Yavrum benim, iki tanemler benim diye sesleniyor. Her şeyin farkında iki evladına sarılıyor kimbilir belki şuan bir arada görüyor. Birimiz burada birimiz ordayız kendide çizgide belki onu anlatmak istiyor geçip kalmak arasında gidip geliyor.
Galatasaray’a düşkün babam, birkaç gün öncesine kadar bana gazetelerden transfer haberleri okutup yorumlar yapan canım Babam.
Kulübünün kürek takımda yer alıp boğazı bir uç dan uça gecen, boğazın deli sularında kulaç atan, İzmir Göztepe de yalıdan balıklama atlayarak yüzen gördüğüm en stil sahibi yüzücü BABAM.
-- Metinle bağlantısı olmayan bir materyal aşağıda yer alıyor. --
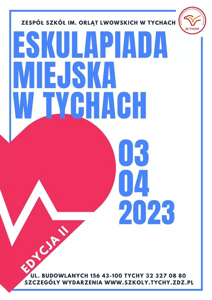 W poniedziałek 3 kwietnia w Zespole Szkół im. Orląt Lwowskich w Tychach (ZDZ w Katowicach) odbędzie się II Miejska Eskulapiada. Do wydarzenia zgłaszać się mogą 3-osobowe drużyny mieszane - przedstawiciele 7 i 8 klas podstawowych.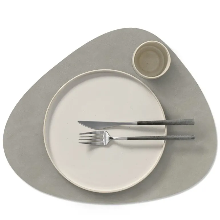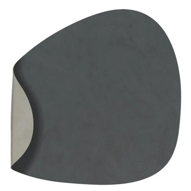 Curve Nupo spisebrikke tosidig antrasitt/lys grå. TABLE MAT DOUBLE CURVE fra LIND DNA er en funksjonell og stilfull spisebrikke, designet for maksimal fleksibilitet. Denne tosidige spisebrikken er laget av OEKO-TEX®-sertifisert resirkulert skinn, og har ulike farger og overflater på hver side, noe som gjør det enkelt å endre utseendet på bordet ved å snu den.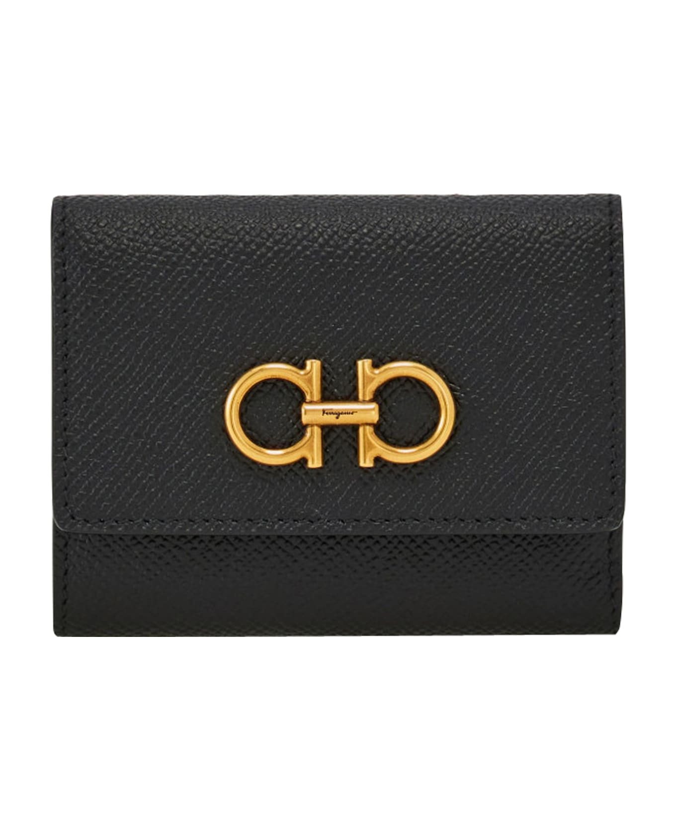 Ferragamo black Gancini trifold wallet, clip closure, 4 slots, one compartment for banknotes, zip purse Composition: 100% Calf Leather

Yazın Bodrumda torununa deniz ile ilgili bildiklerini torununa aktarırken keyiflenen yumuşak huylu, sabırlı canım BABAM.
Klasik, caz, latin müzik dinlemekten hoşlanan onlarla keyiflenen, tenis maçlarından haz alan, bizler küçükken eve gelen arkadaşlarımıza o dönemim meşhur olan şarkılarını kendi doldurduğu kasetleri çalan, hoş sohbet BABAM.
Bana, kadın erkek ilişkilerini ilk anlatan gayet medeni erkek arkadaş kavramına hoş görü ile bakan, danslarının en harika kavalyesi can BABAM.
Kısa kısa soluklar alıyor, bir sıkıntısı var gibi gelmiyor ama anlamıyorum gözümü ayırmıyorum uyuyor gibi. Arada gözünü açıyor bir şeyler mırıldanıyor.
Allah inançlarını almasın kimsenin kul ile arasında nasıl bağ kuruyor ona sığındık o herşeyin en doğrusunu biliyor ,inanç ile dua ediyorum. Beni çok kuvvetlendiriyor.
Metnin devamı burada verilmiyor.